そうしている内に、時計の針は 13:30...。
普段なら まだまだこれからと言う時間だが
そろそろタイムアップという運びになった。

まぁ、こればかりは仕方ない。

あ、ちょっと待った!

現場を離れようとすると
ようやく復帰した おとうと が、スギの倒木に群がる、ヒメスギカミキリを見つけたようだ。


思いっきり枯れてますなぁ...。


無数のヒメスギカミキリが、素早く、そしてかなり激しく動き回っている。
これこそが、ネット上でよく話題に上っている、「運動会」と言うやつなのであろう。。

ペアになれば、少々落ち着くので
こうした撮影も可能だ。


ヒメスギカミキリCallidiellum rufipenne MOTSCHULSKY, 1860



わはは、じ〜っと眺めていると、何だか楽しいなぁ。

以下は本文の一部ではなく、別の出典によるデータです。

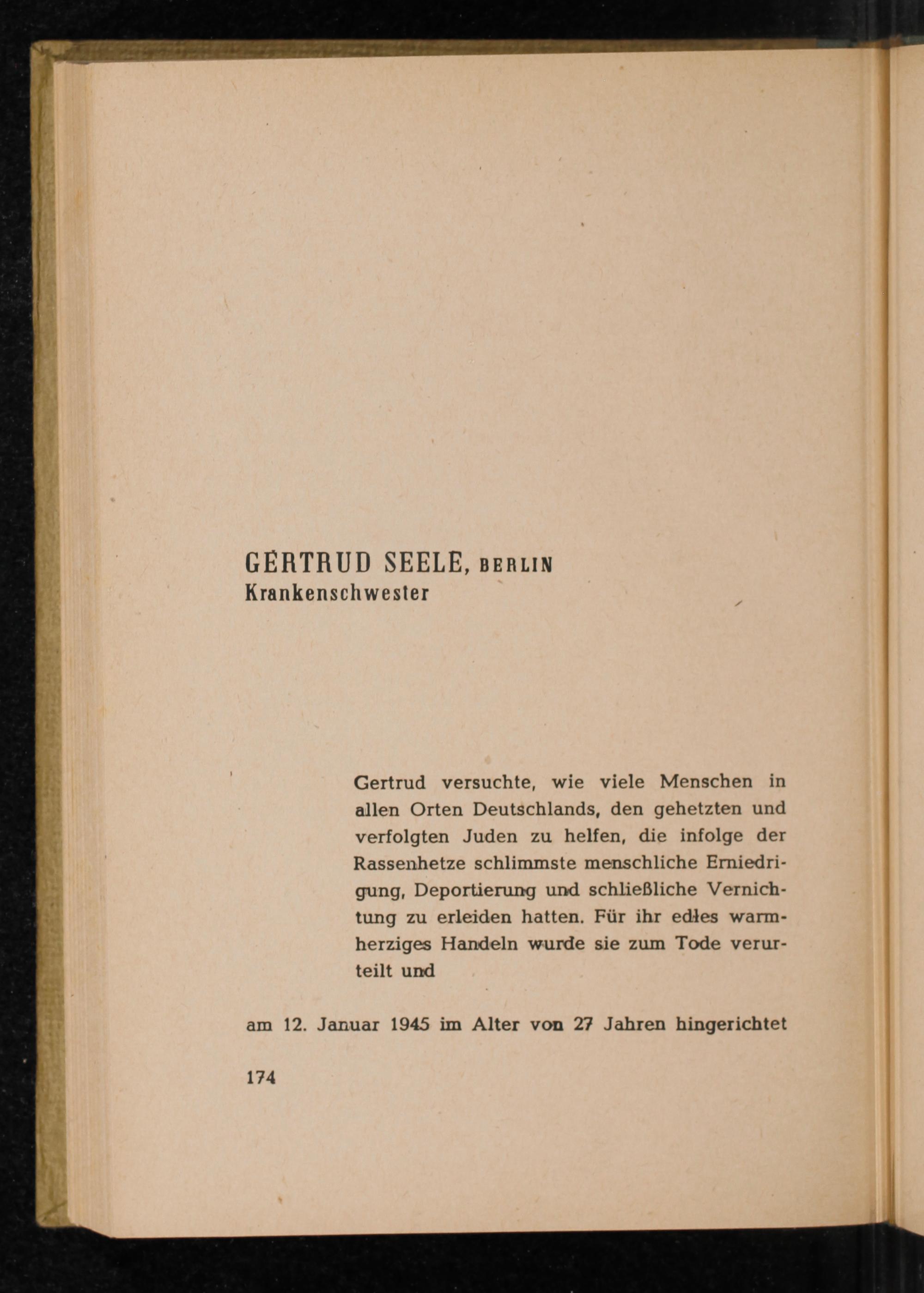 Gertrud versuchte, wie viele Menschen in allen Orten Deutschlands , den gehetzten und verfolgten Juden zu helfen, die infolge der Rassenhetze schlimmste menschliche Erniedrigung, Deportierung und schließliche Vernichtung zu erleiden hatten. Für ihr edles warmherziges Handeln wurde sie zum Tode verurteilt und
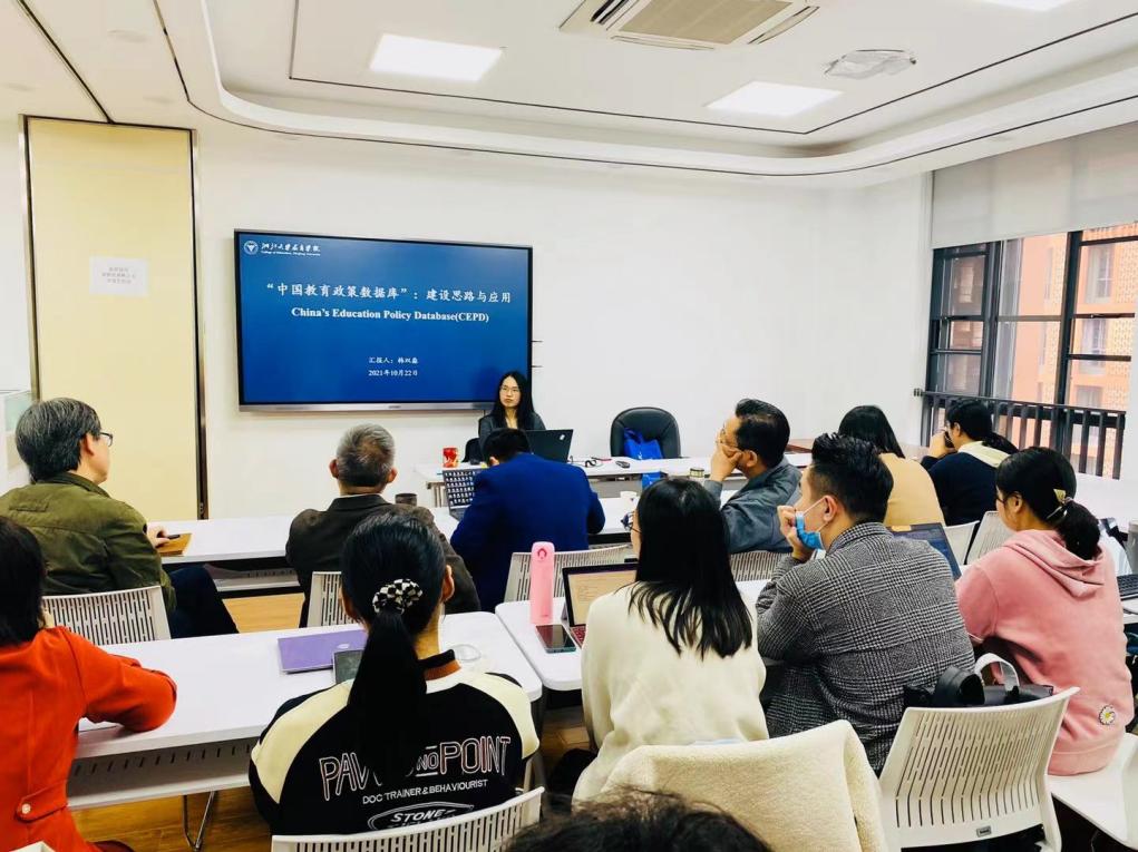 10月22日,“百人计划”研究员韩双淼以“中国教育政策数据库(China’s Education Policy Database, CEPD):建设与应用思路”为主题在yl8cc永利官网508教室作学术报告。院长顾建民、浙江大学“求是特聘”教授张应强及30余位师生参与了本次报告会。
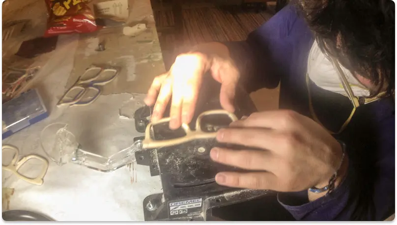 Ottenuti questi fogli di snowboard ed acetato, si tagliano dei blocchetti rettangolari che vengono fresati da un pantografo per occhiali.
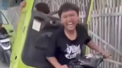 Aksi tak terpuji warga itu ramai di media sosial. Dalam video yang beredar, beberapa warga nampak membawa pintu truk dengan menggunakan sepeda motor.
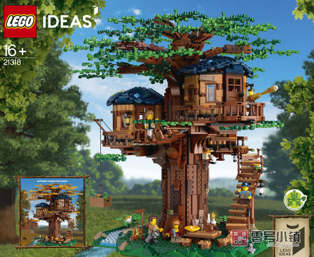 拼搭、展示和玩乐这款极为精致的乐高®创意 LEGO® Ideas 21318 树屋游戏套装,其包含 3036 块积木颗粒。即使对于经验丰富的乐高拼搭者,这个复杂的模型也具有很大的挑战性,所有家庭都会喜欢拼搭它,其包含一款风景秀丽的底板和 3 座乐高小屋——主卧室、浴室和儿童房。这棵树拥有可互换的绿色夏季树叶和黄色与棕色的秋季树叶——这些树叶和基板上的各种植物元件均采用聚乙烯塑料制成,这种塑料源自可持续的植物——树顶和小屋屋顶可以拆卸,以便于进入。这款模型充满了激发游戏兴趣的功能,其中包括可拼搭的野餐桌和座椅、秋千、篝火、藏宝地图和隐藏的宝石,可以进行一次好玩的寻宝之旅,还包括一台发条式起重机,位于卧室小屋的阳台上。这款独特的创意玩具可作为一件很棒的生日礼物,其包含妈妈、爸爸和孩子小人仔,以及一只小鸟,可对有趣的家庭情景进行角色扮演。这款玩具还包含一本手册,内容包含拼搭说明,以及与这款超棒乐高创意 LEGO Ideas 套装的粉丝创造者和乐高设计师相关的信息。
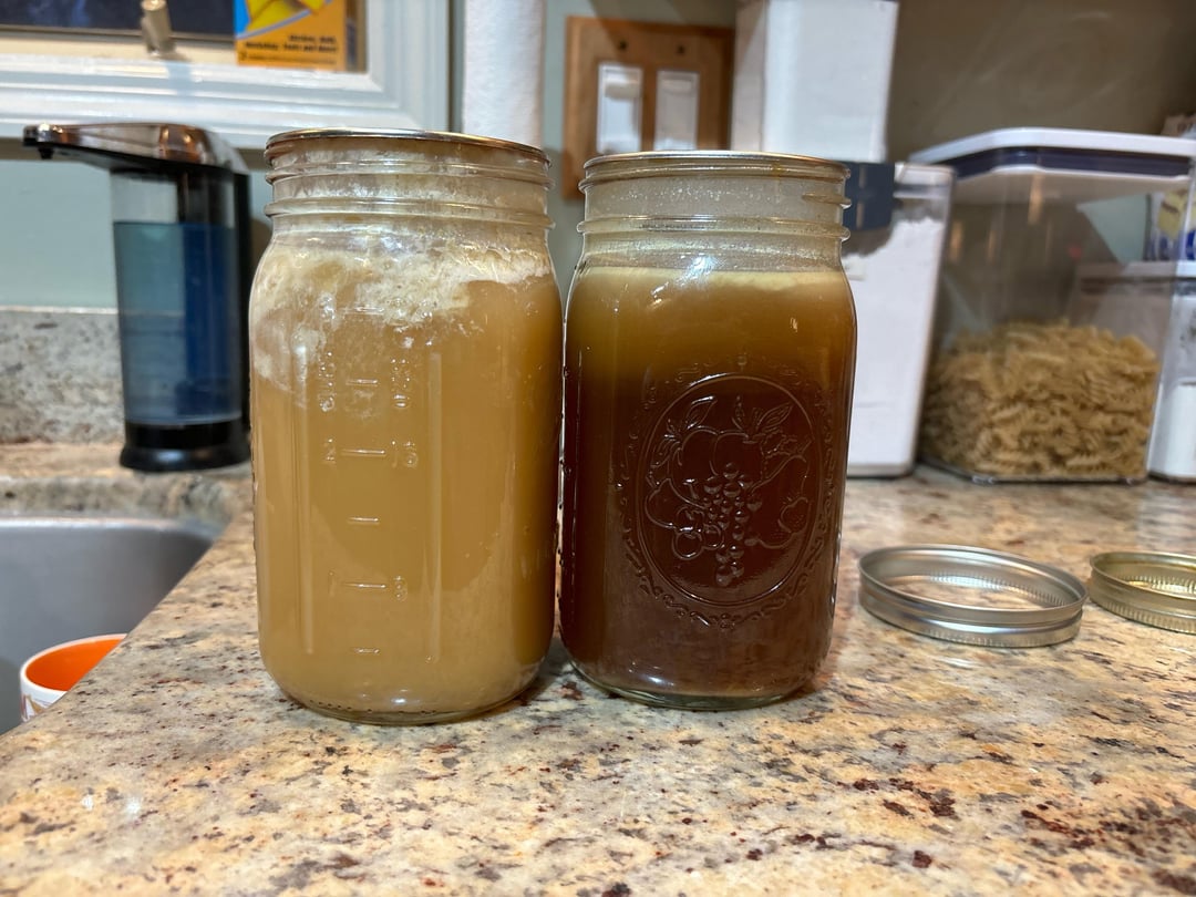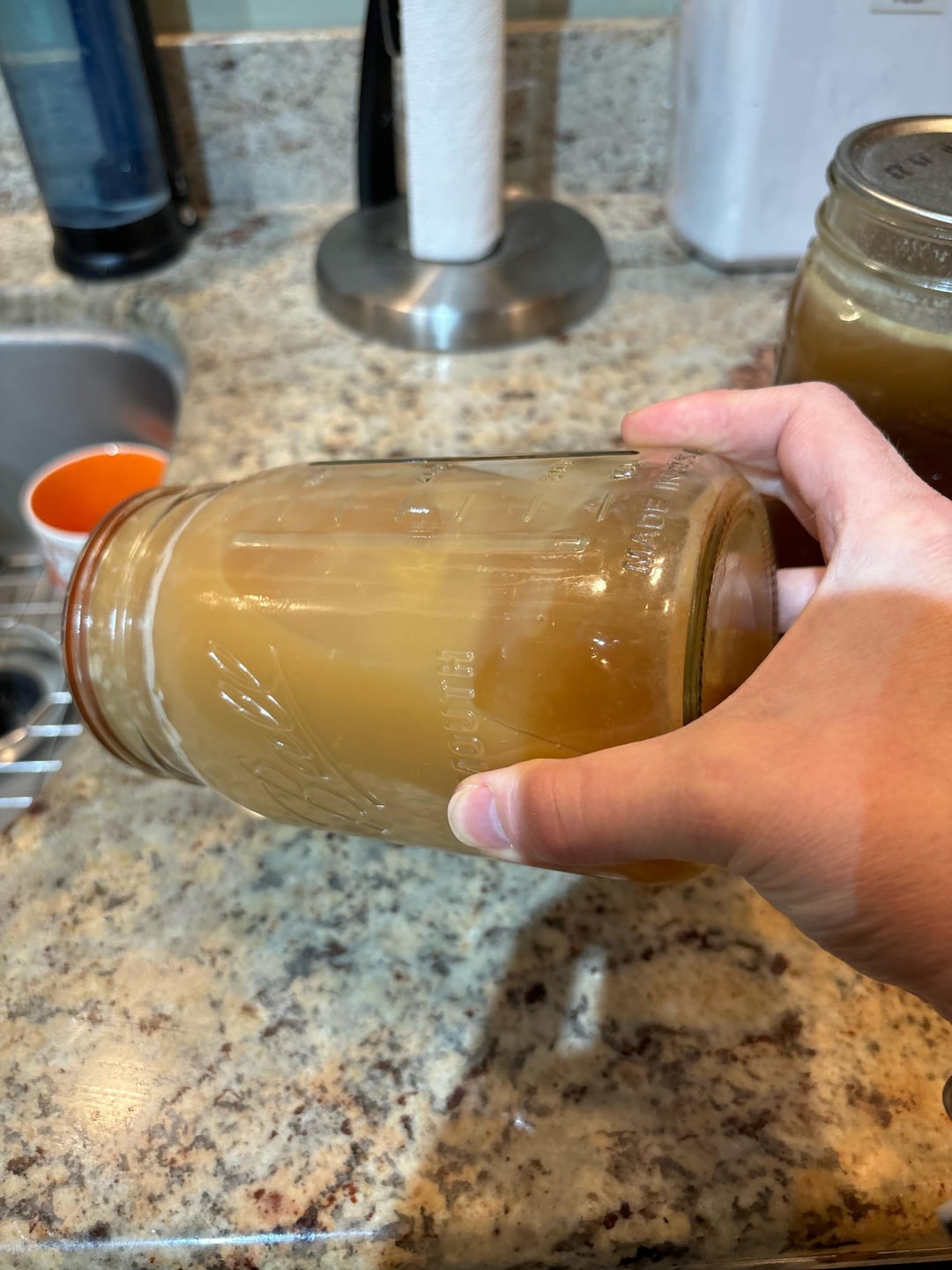 I made some beef broth and it seems the fat dissolved (one on the left). How they typically come out is on the right. Would you use the one on the left or just toss.

... (^-^;
最後に、面白いものが見られた☆

さて、そろそろ引きあげようかな。。

結果としては既採集種ばかりだったが
今日の所は、ま、こんなものだろう。
新しい記録は大事。されど息を抜くことも大事である。



〜 後記 〜

今回は、昨年と同じこの4月30日に
同じ場所(ニワトコの樹)で、同じカミキリムシを、やはり同じように たった一頭のみ確認した。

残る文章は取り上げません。